Exercise details: Transcribe the data as written, minus images.

Given data:
_____

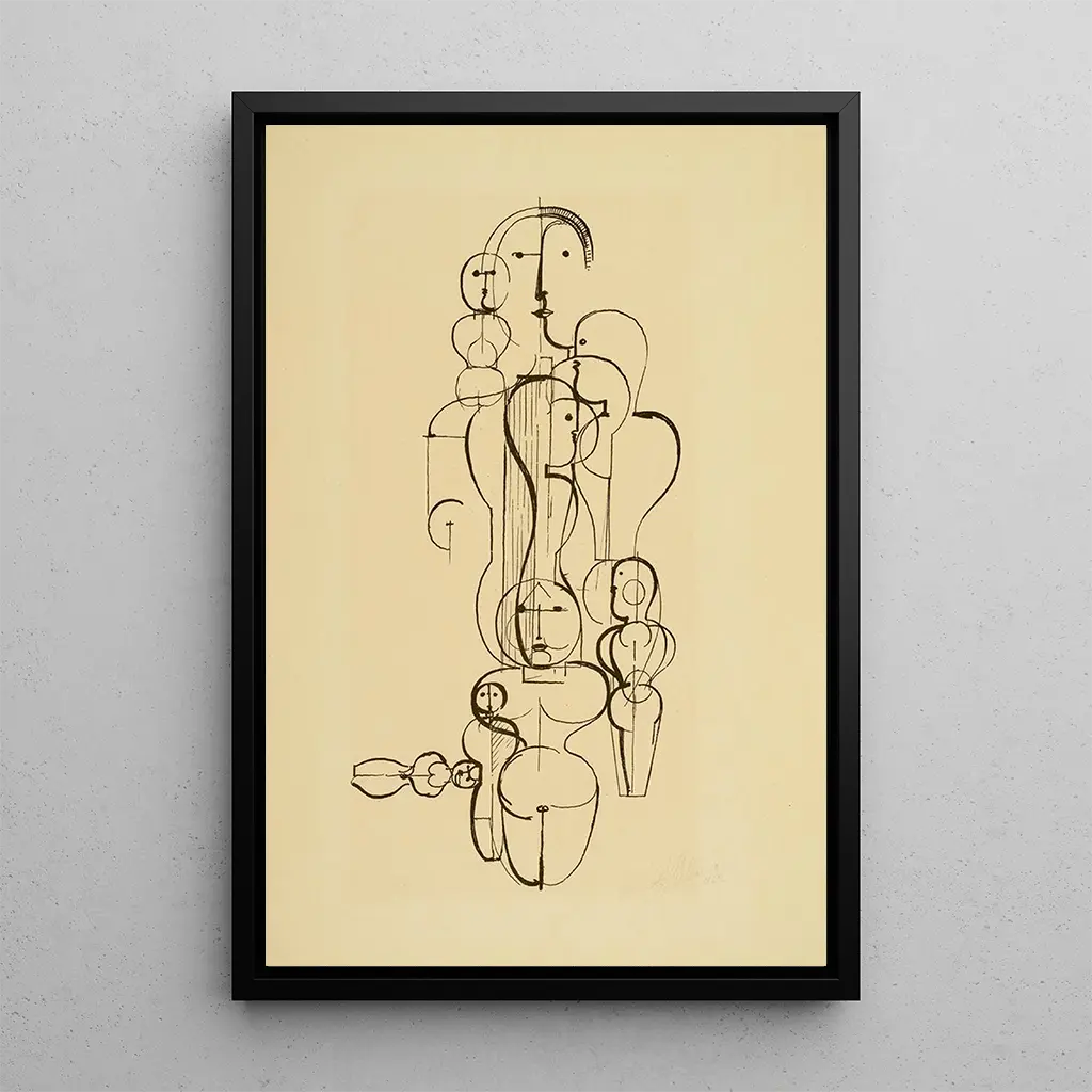 Oskar Schlemmer, figura emblemática del movimiento Bauhaus, dejó su huella en la historia del arte por su enfoque innovador de la forma y el color. Nacido en 1888 en Alemania, fue influenciado por las corrientes vanguardistas de su época, especialmente el cubismo y el futurismo. Schlemmer supo combinar su amor por la danza y el teatro con su pasión por la pintura, creando obras que cuestionan la percepción y la interacción humana. "Plan de grupo concéntrico K1" se inscribe en un período donde el arte buscaba liberarse de las convenciones, y Schlemmer, con su estilo único, contribuyó a redefinir las fronteras del arte visual.
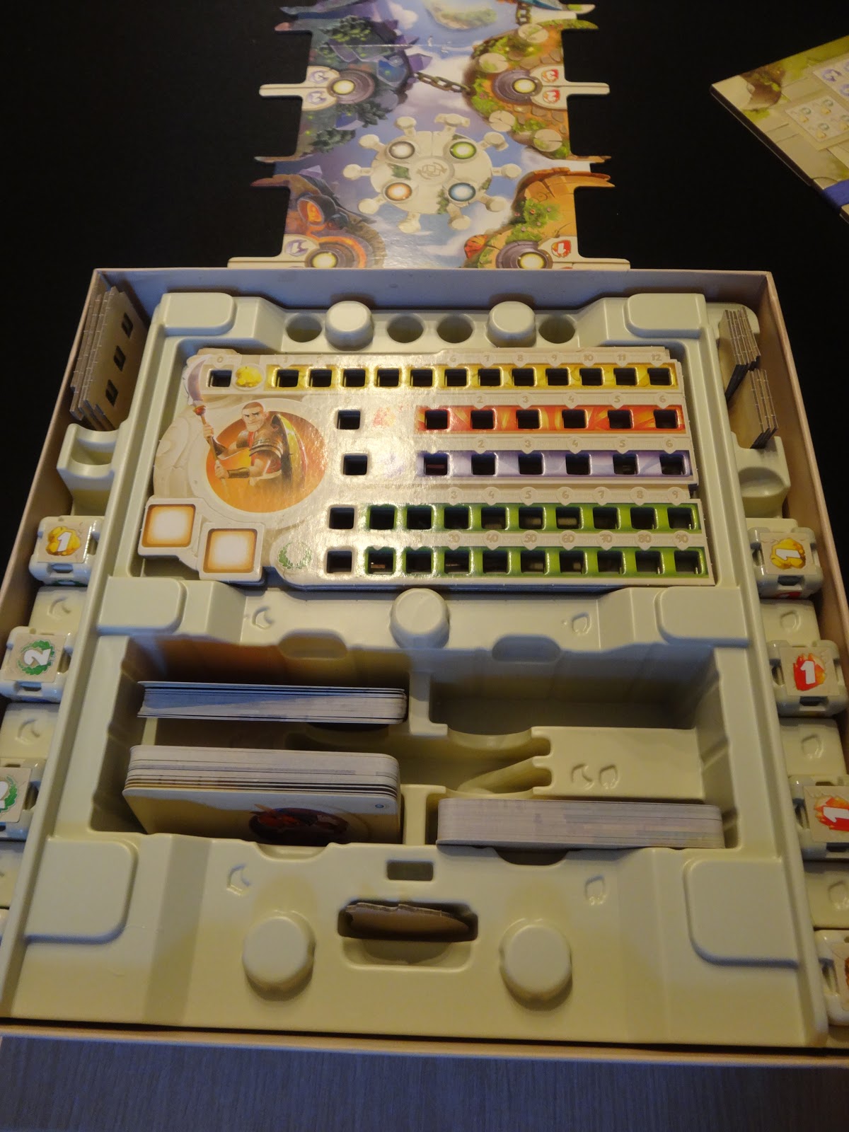 Car l’intérieur impressionne encore plus avec un thermoformage quasi parfait. Oui, quasi, je chipote mais je ne vois pas l’intérêt des emplacements pour les mini-tokens et les afficionados des sleeves devront un peu chercher pour trouver la taille parfaite pour les cartes qui doivent rentrer dans la boîte et dans les emplacements du plateau de jeu.
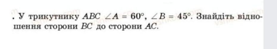 В треугольнике ABC угол <A=60°, <B=45°. Найдите отношение стороны ВС к стороне АС.
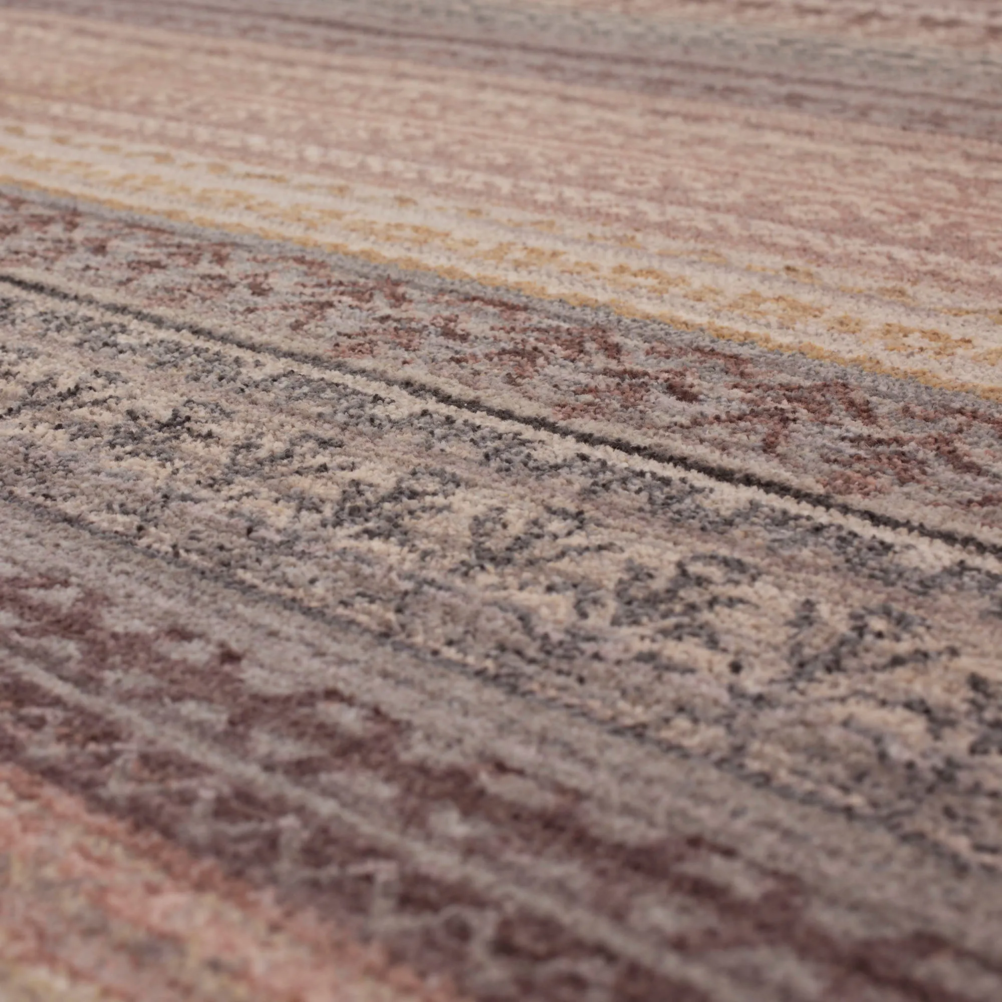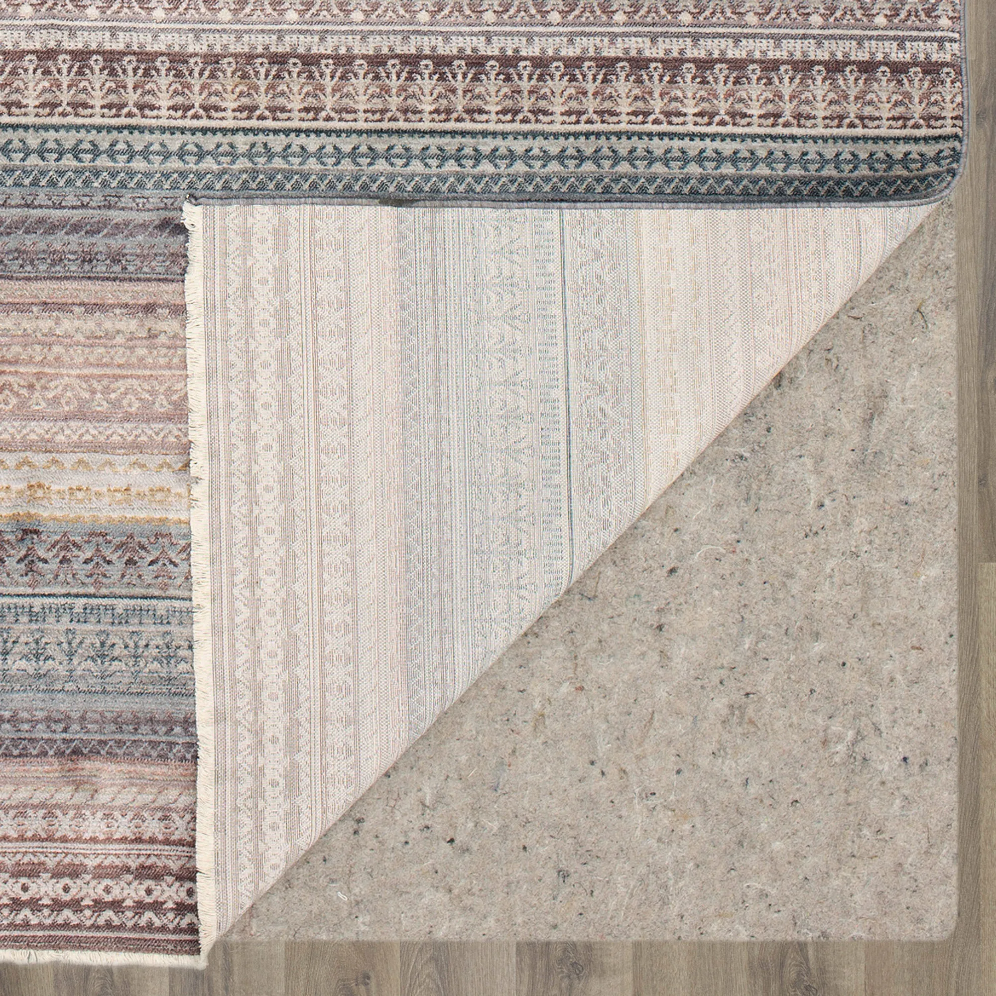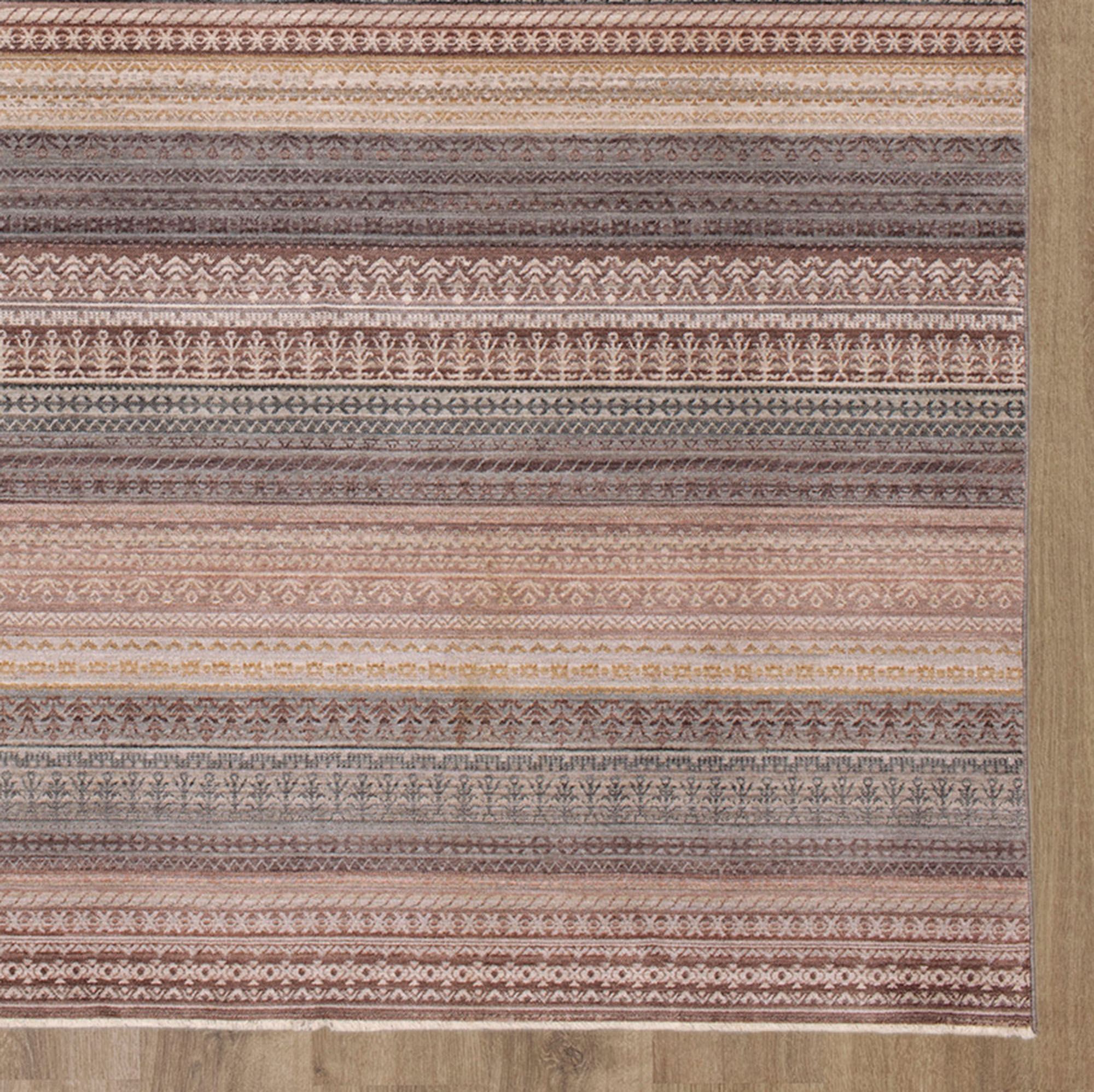 The Victor Striped Rug is polyester with a latex backing. Imported.

_____

Result of the exercise:
 Oskar Schlemmer, figura emblemática del movimiento Bauhaus, dejó su huella en la historia del arte por su enfoque innovador de la forma y el color. Nacido en 1888 en Alemania, fue influenciado por las corrientes vanguardistas de su época, especialmente el cubismo y el futurismo. Schlemmer supo combinar su amor por la danza y el teatro con su pasión por la pintura, creando obras que cuestionan la percepción y la interacción humana. "Plan de grupo concéntrico K1" se inscribe en un período donde el arte buscaba liberarse de las convenciones, y Schlemmer, con su estilo único, contribuyó a redefinir las fronteras del arte visual.
 Car l’intérieur impressionne encore plus avec un thermoformage quasi parfait. Oui, quasi, je chipote mais je ne vois pas l’intérêt des emplacements pour les mini-tokens et les afficionados des sleeves devront un peu chercher pour trouver la taille parfaite pour les cartes qui doivent rentrer dans la boîte et dans les emplacements du plateau de jeu.
 В треугольнике ABC угол <A=60°, <B=45°. Найдите отношение стороны ВС к стороне АС.
 The Victor Striped Rug is polyester with a latex backing. Imported.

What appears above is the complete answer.